## TASK TO COMPLETE
What you should give back is a precise copy of the lines below from the one containing "Roll of twenty" through the one containing "SELAIN Saidi Mansyur, Wakil", with no pictures.

## RECORD EXTRACTS
BEGIN

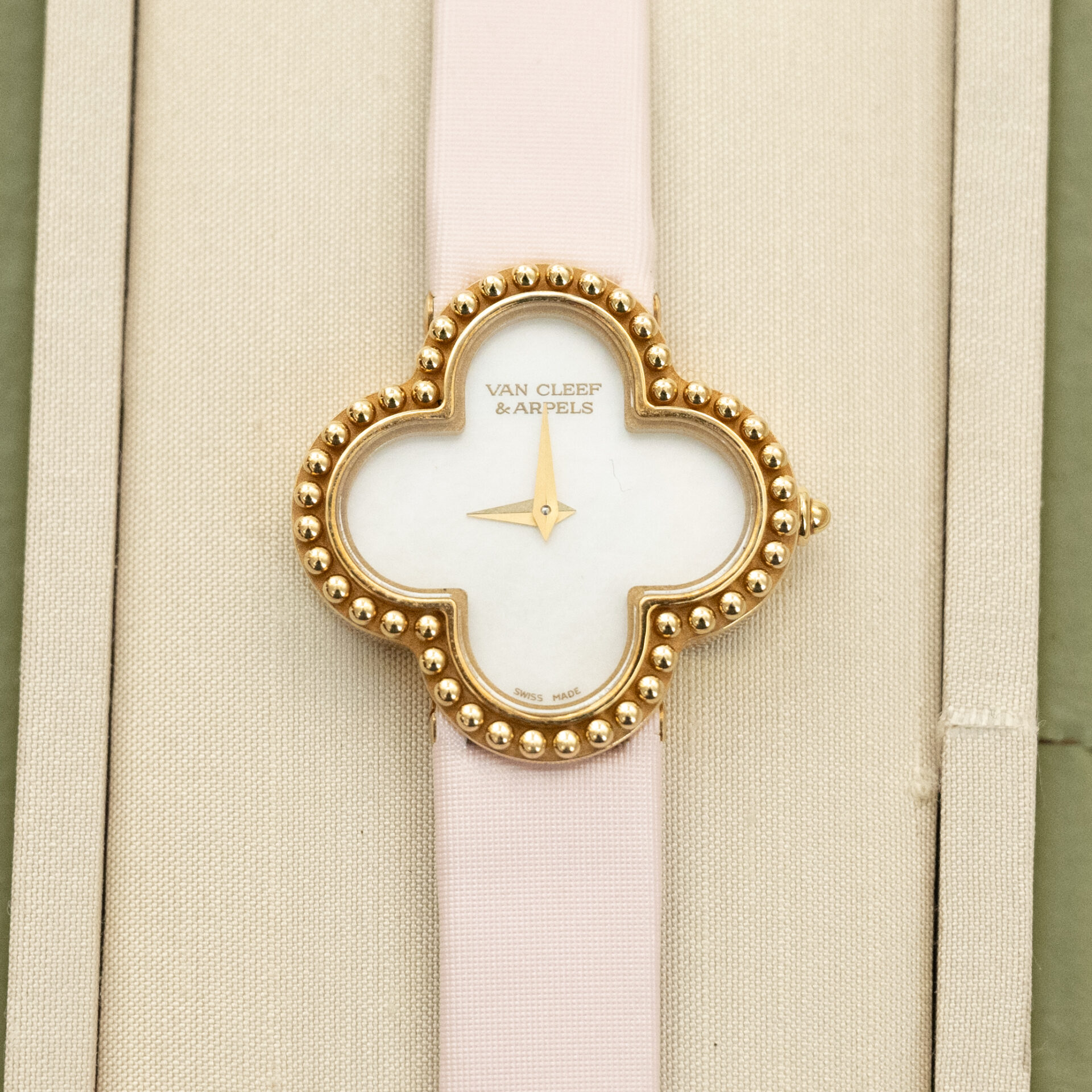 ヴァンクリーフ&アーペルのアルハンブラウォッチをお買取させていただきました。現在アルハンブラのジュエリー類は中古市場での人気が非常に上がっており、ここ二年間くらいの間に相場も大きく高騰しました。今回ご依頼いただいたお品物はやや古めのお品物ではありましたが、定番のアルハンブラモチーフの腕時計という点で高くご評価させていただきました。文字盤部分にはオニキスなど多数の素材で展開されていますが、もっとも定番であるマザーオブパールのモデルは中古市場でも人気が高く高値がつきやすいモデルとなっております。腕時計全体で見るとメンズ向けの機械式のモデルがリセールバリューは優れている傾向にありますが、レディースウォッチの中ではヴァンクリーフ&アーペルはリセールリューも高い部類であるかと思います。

END
BEGIN

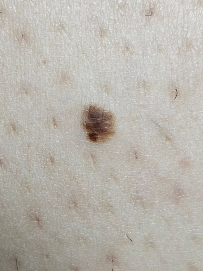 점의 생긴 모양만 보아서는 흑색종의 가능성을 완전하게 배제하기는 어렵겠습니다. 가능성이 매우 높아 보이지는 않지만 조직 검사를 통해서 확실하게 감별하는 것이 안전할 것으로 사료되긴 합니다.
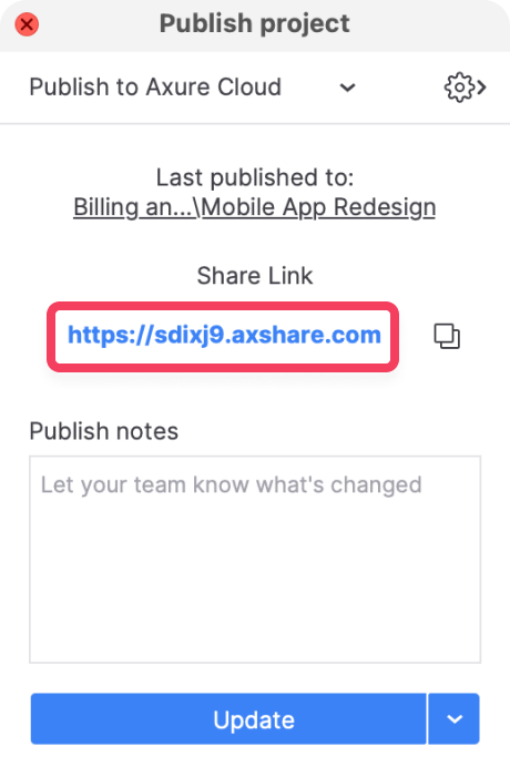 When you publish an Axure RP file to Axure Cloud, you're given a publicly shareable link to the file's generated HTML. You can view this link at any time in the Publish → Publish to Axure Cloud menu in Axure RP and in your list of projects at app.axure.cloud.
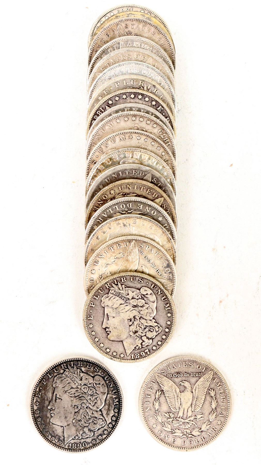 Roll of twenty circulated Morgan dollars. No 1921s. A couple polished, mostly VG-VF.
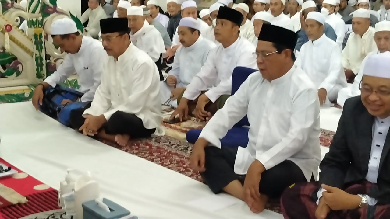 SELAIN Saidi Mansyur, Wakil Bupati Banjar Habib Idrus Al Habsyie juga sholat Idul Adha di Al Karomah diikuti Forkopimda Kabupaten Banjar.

END
BEGIN

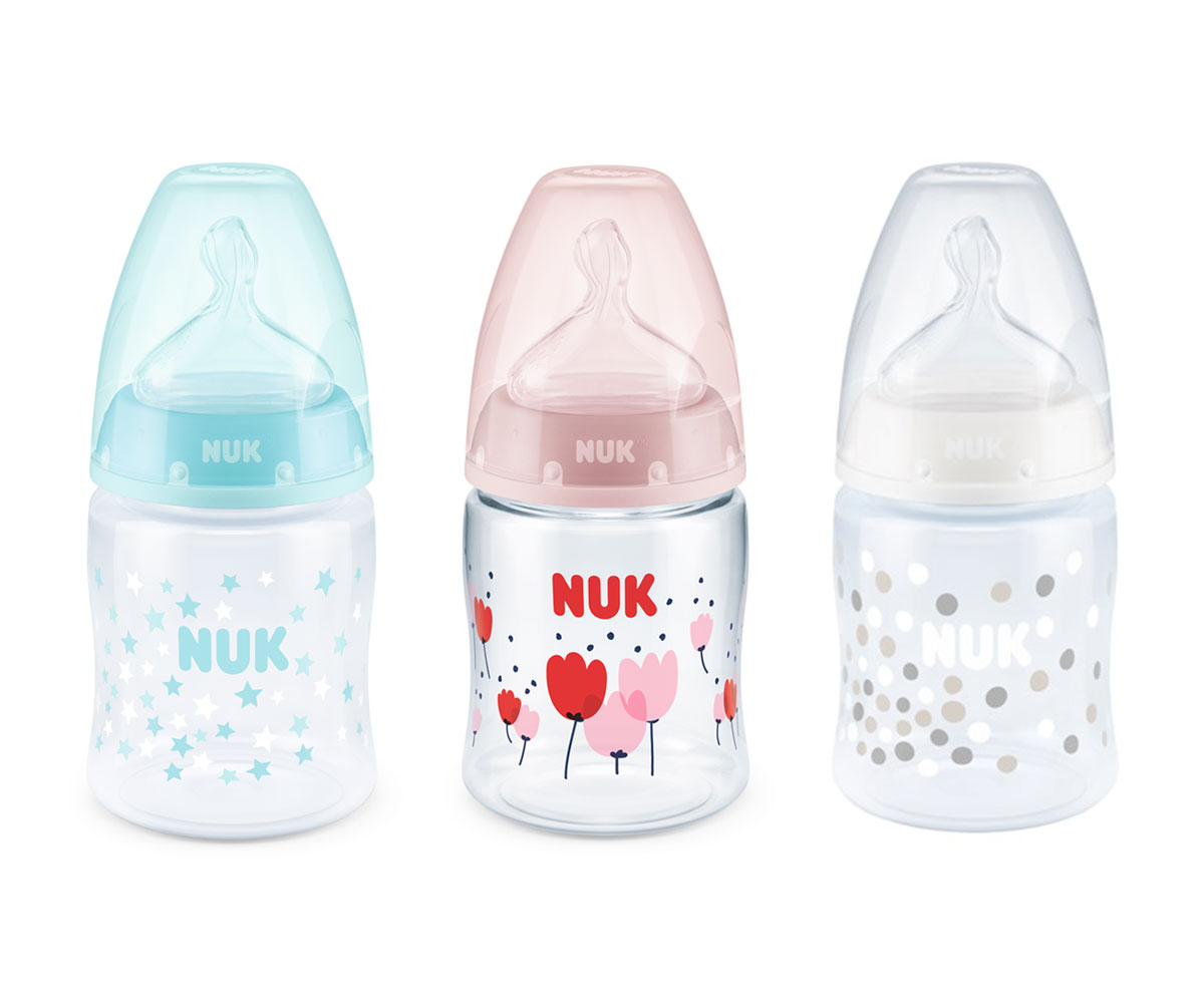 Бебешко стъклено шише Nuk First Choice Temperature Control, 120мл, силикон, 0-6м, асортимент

END

## OUTPUT FOR THIS TASK
 Roll of twenty circulated Morgan dollars. No 1921s. A couple polished, mostly VG-VF.
 SELAIN Saidi Mansyur, Wakil Bupati Banjar Habib Idrus Al Habsyie juga sholat Idul Adha di Al Karomah diikuti Forkopimda Kabupaten Banjar.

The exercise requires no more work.